What the task requires:
All entries are to be copied exactly, with pictures removed.

[Stored items]
--- START ---
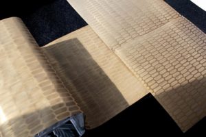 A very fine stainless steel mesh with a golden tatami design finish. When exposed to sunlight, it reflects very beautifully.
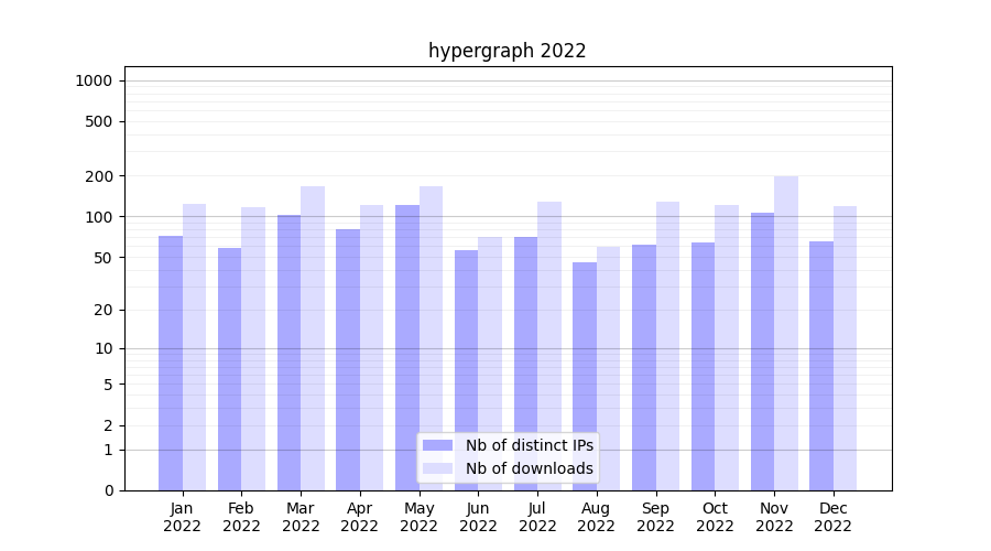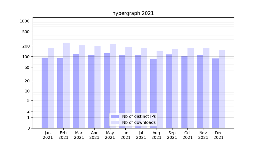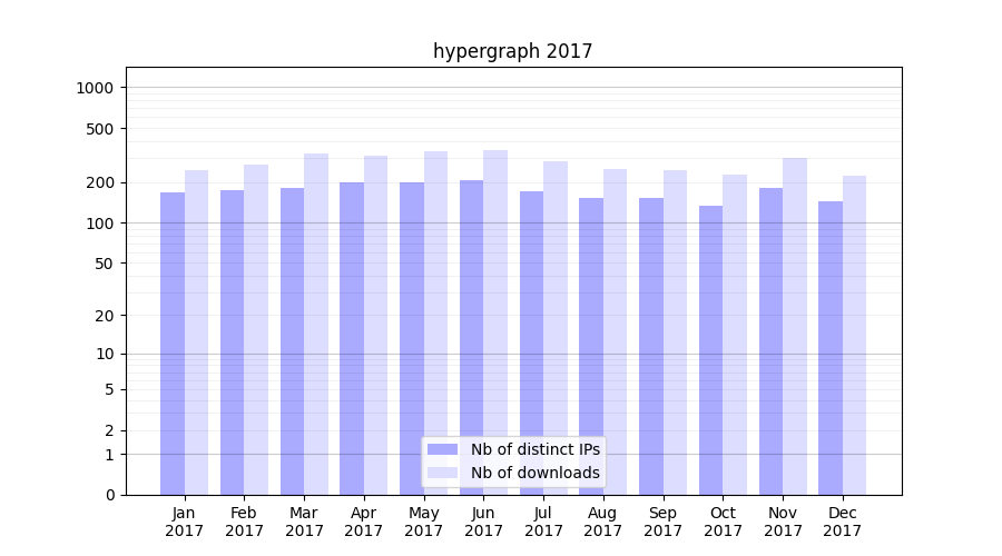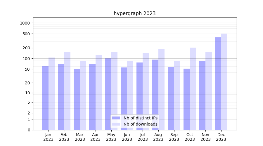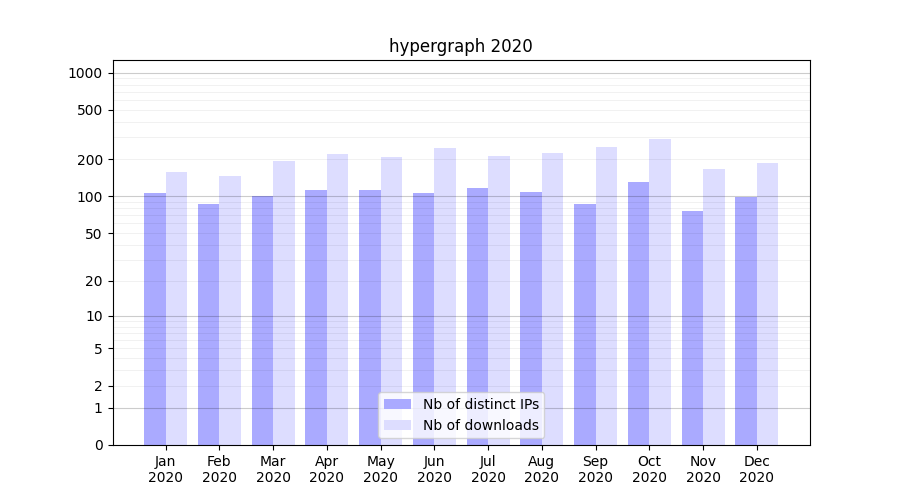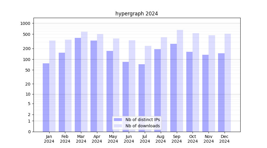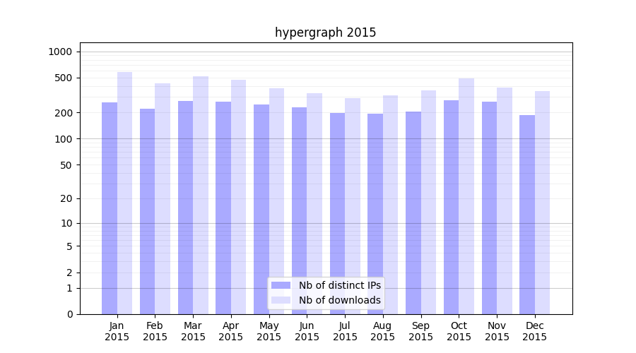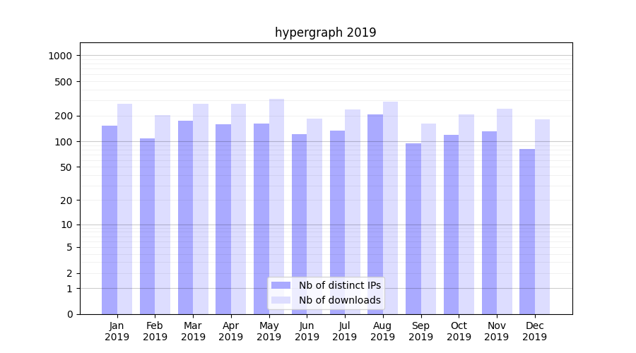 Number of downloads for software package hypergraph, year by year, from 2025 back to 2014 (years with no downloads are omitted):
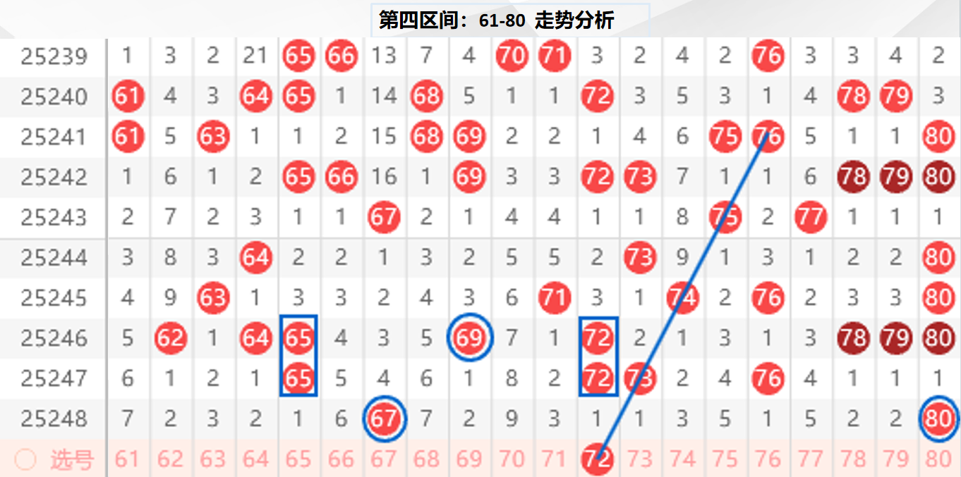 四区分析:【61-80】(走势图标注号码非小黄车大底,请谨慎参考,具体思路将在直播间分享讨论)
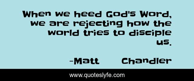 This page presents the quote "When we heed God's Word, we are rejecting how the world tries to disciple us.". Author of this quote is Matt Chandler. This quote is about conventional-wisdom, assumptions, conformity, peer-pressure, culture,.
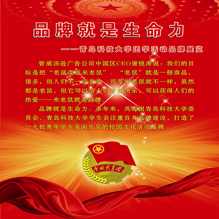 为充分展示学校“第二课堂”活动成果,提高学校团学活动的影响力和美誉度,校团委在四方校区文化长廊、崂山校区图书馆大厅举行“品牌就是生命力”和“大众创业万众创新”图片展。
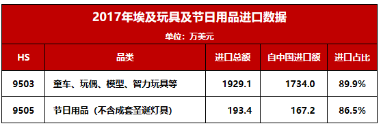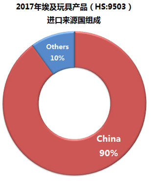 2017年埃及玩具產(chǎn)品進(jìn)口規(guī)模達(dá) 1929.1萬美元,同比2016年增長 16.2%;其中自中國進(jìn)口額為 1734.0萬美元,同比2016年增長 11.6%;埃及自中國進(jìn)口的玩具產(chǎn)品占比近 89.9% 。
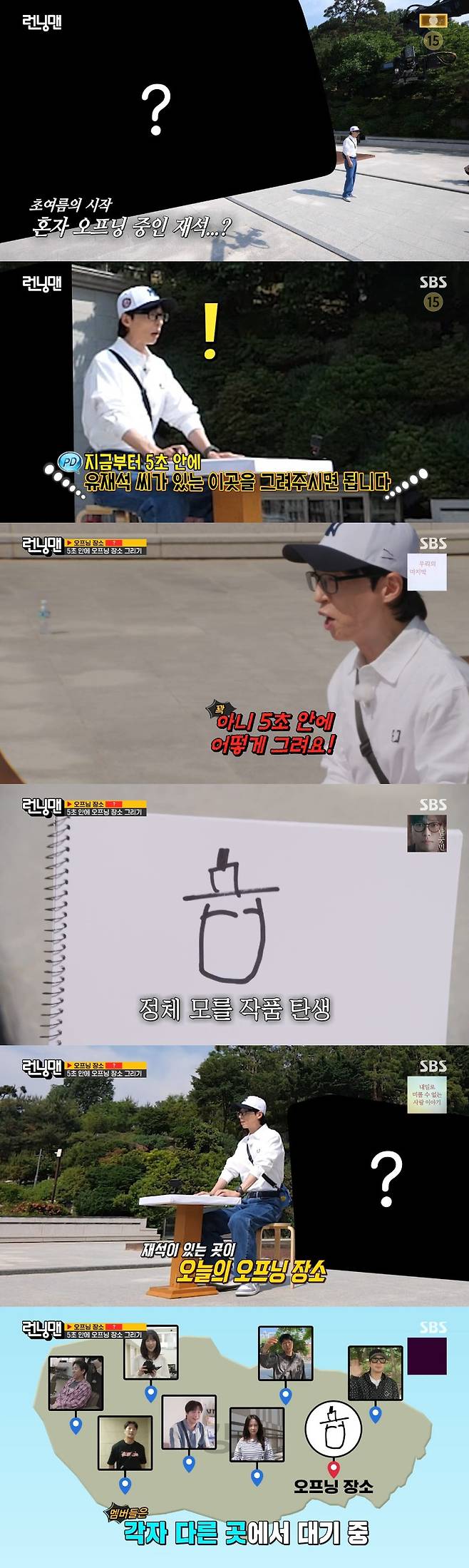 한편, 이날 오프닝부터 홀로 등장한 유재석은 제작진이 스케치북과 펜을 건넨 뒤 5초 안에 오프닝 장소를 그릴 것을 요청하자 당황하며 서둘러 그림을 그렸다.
--- END ---
Exercise response:
 A very fine stainless steel mesh with a golden tatami design finish. When exposed to sunlight, it reflects very beautifully.
 Number of downloads for software package hypergraph, year by year, from 2025 back to 2014 (years with no downloads are omitted):
 四区分析:【61-80】(走势图标注号码非小黄车大底,请谨慎参考,具体思路将在直播间分享讨论)
 This page presents the quote "When we heed God's Word, we are rejecting how the world tries to disciple us.". Author of this quote is Matt Chandler. This quote is about conventional-wisdom, assumptions, conformity, peer-pressure, culture,.
 为充分展示学校“第二课堂”活动成果,提高学校团学活动的影响力和美誉度,校团委在四方校区文化长廊、崂山校区图书馆大厅举行“品牌就是生命力”和“大众创业万众创新”图片展。
 2017年埃及玩具產(chǎn)品進(jìn)口規(guī)模達(dá) 1929.1萬美元,同比2016年增長 16.2%;其中自中國進(jìn)口額為 1734.0萬美元,同比2016年增長 11.6%;埃及自中國進(jìn)口的玩具產(chǎn)品占比近 89.9% 。
 한편, 이날 오프닝부터 홀로 등장한 유재석은 제작진이 스케치북과 펜을 건넨 뒤 5초 안에 오프닝 장소를 그릴 것을 요청하자 당황하며 서둘러 그림을 그렸다.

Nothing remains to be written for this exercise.